Why Understanding Key Reports Are So Important
Running reports regularly gives you a complete view into the revenue cycle of your practice. You can use reporting to improve processes, spot trends, and identify issues that may hinder revenue collection. It's important to understand how to conduct financial reports so you may grow the business side of your practice and continue to provide the best care possible to your patients.
Examples of Criterions revenue cycle reports include:
- A/R breakdown Report– provides information on beginning aging totals, charges, payments, adjustments, and ending aging totals
- Aging report– shows all open insurance balances by Insurance Carrier
- Payment Analysis report– identifies accounts receivables by patient, cpt code and payer
- Daily Transaction Report– identifies the amount of charges sent and payments received by insurance type and payment type
- Payments by financial class and date of service– shows how quickly you receive payments from major payers after charges have been submitted
- Procedure code financial analysis – summary of the month's services billed organized by CPT code; this report may be organized by provider as well
- ERN kick list/Denials by reason code – provides details on reasons for denial according to payer; if you can calculate your biggest reasons for denials, you can address them strategically
- Standard monthly reports – any other reports that the board, practice management, clinical management, or other departments may need for monthly review and tracking.
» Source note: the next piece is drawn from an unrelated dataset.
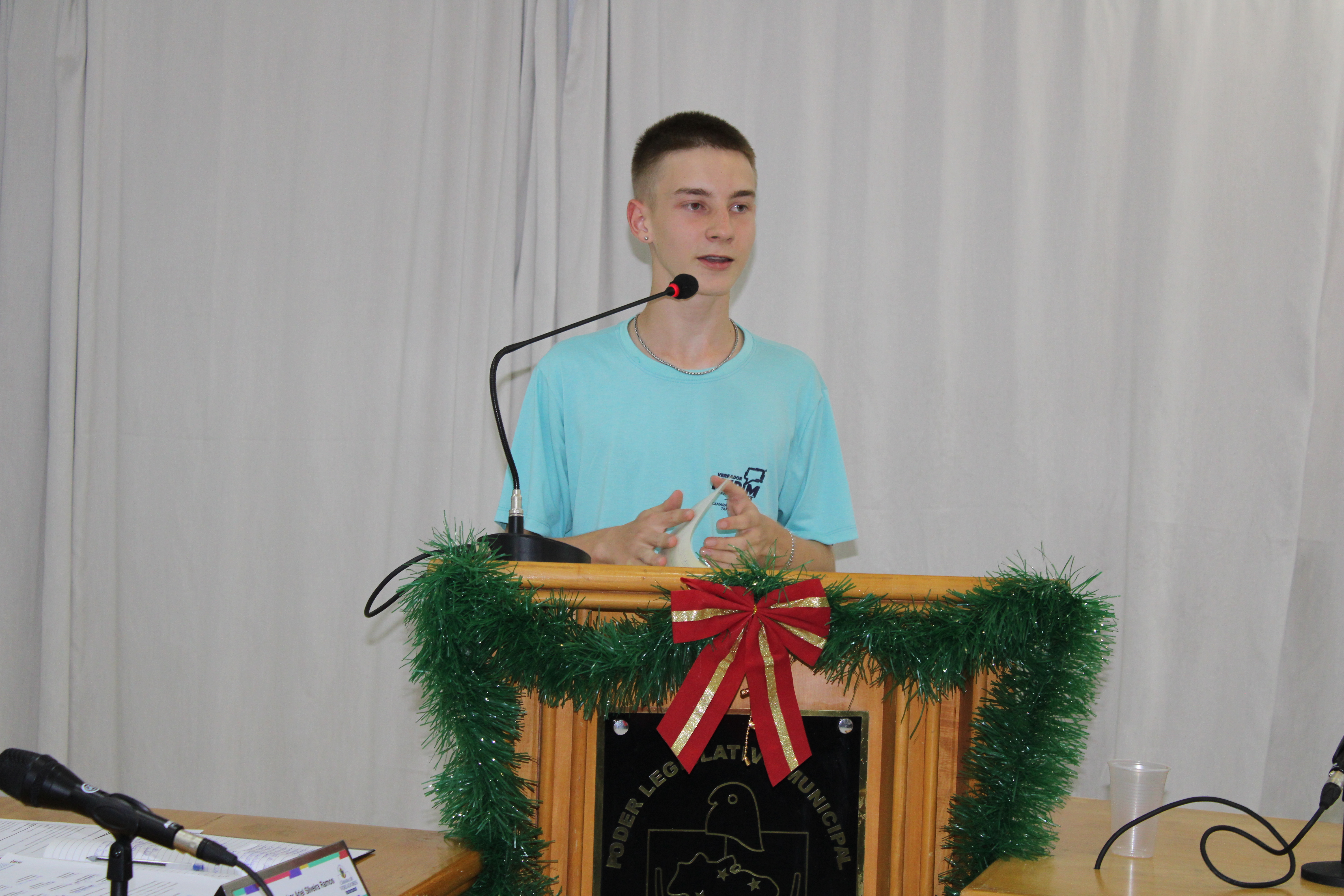 Foram 45 Indicações, 04 Requerimentos, 04 Votos de Pesar, 02 Tribunas Populares e 01 Sessão Solene. Também no decorrer do ano tivemos Curso de Regimento Interno e Legislação com a equipe da Casa. Além disso, curso de Oratória com o Pessoal da JCI. E por fim a nossa viagem para Porto Alegre na qual foi uma experiência única de muito aprendizado e diversão.

Here's a few tips to ensure you're monitoring the health of your practice properly within the Criterions system!
1) Running reports on a regular schedule establishes a rhythm. Run daily, weekly, and monthly reports to see financial trends. This will help you meet long-term financial goals.
2) Daily reports may include a reconciliation of claims generated and submitted.
3) Weekly reports may include A/R aging, and denial management activities
4) Monthly reports include charges, payments, and adjustments; A/R balance trends; gross collection rates; and provider productivity.